Transpose arays with .T

In [27]:
y2d.T

array([[10., 20., 30., 40.],
       [10., 20., 30., 40.],
       [10., 20., 30., 40.]])

### Statistical methods of arrays

In [28]:
print('array a1d                       :', a1d)
print('Minimum and maximum             :', a1d.min(), a1d.max())
print('Index of minimum and maximum    :', a1d.argmin(), a1d.argmax())
print('Sum and product of all elements :', a1d.sum(), a1d.prod())
print('Mean and standard deviation     :', a1d.mean(), a1d.std())
print('Median and 75 percentile           :', np.median(a1d), np.percentile(a1d,75))
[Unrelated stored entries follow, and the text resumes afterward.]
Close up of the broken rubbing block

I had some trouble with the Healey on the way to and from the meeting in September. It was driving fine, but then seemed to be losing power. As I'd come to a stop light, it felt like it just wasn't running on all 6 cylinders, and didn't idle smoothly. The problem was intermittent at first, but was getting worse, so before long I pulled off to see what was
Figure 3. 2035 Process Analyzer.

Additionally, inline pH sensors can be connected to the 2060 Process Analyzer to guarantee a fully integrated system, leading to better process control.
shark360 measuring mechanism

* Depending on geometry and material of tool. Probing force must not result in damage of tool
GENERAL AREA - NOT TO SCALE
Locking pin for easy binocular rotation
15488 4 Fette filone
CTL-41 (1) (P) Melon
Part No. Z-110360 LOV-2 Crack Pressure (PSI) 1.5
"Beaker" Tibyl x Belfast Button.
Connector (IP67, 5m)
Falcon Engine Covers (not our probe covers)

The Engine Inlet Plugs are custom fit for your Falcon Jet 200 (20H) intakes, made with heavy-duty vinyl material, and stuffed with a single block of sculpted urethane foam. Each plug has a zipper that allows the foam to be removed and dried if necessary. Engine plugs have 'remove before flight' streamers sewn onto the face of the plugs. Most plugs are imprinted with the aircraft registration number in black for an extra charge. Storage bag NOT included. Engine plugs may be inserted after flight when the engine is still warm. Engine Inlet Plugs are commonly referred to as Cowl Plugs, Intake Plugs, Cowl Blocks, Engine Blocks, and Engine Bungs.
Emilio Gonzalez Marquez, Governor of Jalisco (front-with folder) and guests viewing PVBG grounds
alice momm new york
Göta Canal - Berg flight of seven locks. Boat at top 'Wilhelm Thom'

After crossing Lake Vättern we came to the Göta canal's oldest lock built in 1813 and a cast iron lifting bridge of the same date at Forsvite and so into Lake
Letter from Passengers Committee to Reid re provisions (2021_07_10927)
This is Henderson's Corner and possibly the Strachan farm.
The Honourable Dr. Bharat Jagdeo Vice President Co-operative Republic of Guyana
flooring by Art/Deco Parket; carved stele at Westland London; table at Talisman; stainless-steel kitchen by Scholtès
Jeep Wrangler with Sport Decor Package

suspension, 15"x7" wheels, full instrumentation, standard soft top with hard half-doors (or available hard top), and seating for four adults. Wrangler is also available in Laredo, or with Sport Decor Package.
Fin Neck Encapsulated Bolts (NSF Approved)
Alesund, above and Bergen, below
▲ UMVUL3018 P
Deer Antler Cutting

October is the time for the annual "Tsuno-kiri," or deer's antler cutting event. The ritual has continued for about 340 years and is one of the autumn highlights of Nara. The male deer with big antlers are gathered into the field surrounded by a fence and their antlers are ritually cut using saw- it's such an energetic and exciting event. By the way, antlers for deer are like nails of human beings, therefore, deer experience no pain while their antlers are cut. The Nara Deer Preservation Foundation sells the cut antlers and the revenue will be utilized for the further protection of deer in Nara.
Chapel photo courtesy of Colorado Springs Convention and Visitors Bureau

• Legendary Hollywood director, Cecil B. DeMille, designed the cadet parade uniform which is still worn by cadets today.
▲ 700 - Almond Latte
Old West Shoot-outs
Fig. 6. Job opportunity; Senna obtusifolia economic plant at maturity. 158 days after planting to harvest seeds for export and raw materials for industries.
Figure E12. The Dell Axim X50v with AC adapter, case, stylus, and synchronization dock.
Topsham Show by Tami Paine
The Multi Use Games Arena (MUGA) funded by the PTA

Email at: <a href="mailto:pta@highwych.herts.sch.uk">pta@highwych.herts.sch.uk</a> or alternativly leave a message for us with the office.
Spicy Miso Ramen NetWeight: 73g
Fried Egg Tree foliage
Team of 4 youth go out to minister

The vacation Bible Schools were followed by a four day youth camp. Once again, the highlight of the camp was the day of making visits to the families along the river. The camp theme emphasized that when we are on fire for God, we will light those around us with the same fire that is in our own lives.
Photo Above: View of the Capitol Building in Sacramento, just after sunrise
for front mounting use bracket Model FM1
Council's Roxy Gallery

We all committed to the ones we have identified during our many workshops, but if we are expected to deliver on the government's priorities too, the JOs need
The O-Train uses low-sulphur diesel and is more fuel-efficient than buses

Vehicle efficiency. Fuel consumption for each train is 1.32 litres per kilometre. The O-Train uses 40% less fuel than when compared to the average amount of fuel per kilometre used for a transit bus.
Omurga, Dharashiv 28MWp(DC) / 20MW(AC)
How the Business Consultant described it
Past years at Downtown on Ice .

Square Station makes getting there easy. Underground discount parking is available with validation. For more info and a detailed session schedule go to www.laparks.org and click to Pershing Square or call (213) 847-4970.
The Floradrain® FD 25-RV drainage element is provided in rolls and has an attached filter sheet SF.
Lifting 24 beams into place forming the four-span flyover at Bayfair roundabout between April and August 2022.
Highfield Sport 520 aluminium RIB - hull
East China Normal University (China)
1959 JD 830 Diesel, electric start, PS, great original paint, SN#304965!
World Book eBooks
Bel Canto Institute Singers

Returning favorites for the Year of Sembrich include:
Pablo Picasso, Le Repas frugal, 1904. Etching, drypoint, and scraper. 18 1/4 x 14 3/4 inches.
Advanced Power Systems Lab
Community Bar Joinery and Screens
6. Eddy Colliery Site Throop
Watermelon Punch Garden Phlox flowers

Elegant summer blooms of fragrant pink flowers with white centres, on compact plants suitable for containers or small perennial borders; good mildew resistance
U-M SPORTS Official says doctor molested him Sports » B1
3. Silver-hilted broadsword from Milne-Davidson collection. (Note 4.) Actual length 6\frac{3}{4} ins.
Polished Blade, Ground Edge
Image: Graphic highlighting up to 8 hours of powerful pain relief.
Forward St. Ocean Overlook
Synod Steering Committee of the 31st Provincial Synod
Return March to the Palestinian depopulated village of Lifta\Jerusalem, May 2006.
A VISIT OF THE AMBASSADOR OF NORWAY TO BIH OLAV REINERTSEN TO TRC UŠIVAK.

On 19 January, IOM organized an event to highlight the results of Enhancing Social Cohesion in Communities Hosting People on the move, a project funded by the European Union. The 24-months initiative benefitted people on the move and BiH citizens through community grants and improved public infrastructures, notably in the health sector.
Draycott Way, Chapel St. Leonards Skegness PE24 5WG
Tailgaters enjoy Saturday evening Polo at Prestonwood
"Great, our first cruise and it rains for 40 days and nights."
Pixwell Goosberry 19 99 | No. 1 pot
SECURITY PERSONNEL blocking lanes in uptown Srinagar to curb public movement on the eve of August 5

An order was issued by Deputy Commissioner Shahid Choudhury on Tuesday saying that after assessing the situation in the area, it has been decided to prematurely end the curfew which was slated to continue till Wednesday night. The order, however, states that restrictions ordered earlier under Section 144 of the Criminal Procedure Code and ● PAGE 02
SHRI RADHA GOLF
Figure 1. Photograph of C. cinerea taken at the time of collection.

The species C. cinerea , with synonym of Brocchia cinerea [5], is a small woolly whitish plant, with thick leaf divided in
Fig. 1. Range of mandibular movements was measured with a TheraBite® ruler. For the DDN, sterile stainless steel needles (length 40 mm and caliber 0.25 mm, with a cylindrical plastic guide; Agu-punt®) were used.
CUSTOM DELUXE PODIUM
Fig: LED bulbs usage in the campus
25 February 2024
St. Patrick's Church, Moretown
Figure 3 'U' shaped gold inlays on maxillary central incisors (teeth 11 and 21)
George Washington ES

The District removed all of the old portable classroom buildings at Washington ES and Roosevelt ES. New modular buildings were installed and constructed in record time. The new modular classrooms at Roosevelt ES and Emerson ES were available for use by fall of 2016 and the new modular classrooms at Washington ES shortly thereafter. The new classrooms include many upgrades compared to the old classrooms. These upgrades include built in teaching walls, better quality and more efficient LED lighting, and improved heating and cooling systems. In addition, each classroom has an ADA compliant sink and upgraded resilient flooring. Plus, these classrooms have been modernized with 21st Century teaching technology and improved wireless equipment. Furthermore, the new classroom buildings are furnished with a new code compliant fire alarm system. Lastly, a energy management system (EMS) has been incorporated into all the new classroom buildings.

array a1d                       : [3 4 5 6]
Minimum and maximum             : 3 6
Index of minimum and maximum    : 0 3
Sum and product of all elements : 18 360
Mean and standard deviation     : 4.5 1.118033988749895
Median and 75 percentile           : 4.5 5.25


### Operations over a given axis

In [29]:
print(a2d)
print('sum array  :',a2d.sum())
print('sum axis 0  :',a2d.sum(axis=0))
print('sum axis 1 :',a2d.sum(axis=1))

[[10. 20. 30.]
 [ 9.  8.  5.]]
sum array  : 82.0
sum axis 0  : [19. 28. 35.]
sum axis 1 : [60. 22.]


**Excercise** Using the array 'a' we created earlier, find: 
* The maximum value
* The 90th percentile 
* The mean along axis 0
* The sum along axis 1

(If you haven't made 'a' yet uncomment and run the following cell)

In [None]:
#a = np.array([[2, 3.2, 5.5, -6.4, -2.2, 2.4],
#              [1, 22, 4, 0.1, 5.3, -9],
#              [3, 1, 2.1, 21, 1.1, -2]])

In [None]:
# Your code here

### Vectorisation: operations on whole arrays

In [30]:
a = np.array([1,2,3,4])
print(a)

[1 2 3 4]


In [31]:
a**2

array([ 1,  4,  9, 16])

In [32]:
np.exp(a) # e raised to the power of a

array([ 2.71828183,  7.3890561 , 20.08553692, 54.59815003])

In [33]:
b = np.array([1, 10, 100, 1000])
a*b

array([   1,   20,  300, 4000])

All the maths we could apply to *ints*, *floats* and *complex* numbers individually we can now apply to arbitrarily large and complex *arrays* of numbers using NumPy. Let's revisit our function for calculating pressure from depth

In [34]:
def under_pressure(d,rho = 1027.5, g = 9.81):
    P = rho*g*d
    return P

You cannot perform a function on an entire list:

In [35]:
depths_list = [10,20,30,40,50]
pressures = under_pressure(depths_list)
print(pressures)

TypeError: can't multiply sequence by non-int of type 'float'

It is possible to loop through the elements of the list. For big datasets this would take a long time, so isnt advisable:

In [36]:
pressures=[] #create an empty list to hold the output
depths_list = [10,20,30,40,50]
for i in depths_list:
    pressures.append(under_pressure(i))
print(pressures)

[100797.75, 201595.5, 302393.25, 403191.0, 503988.75]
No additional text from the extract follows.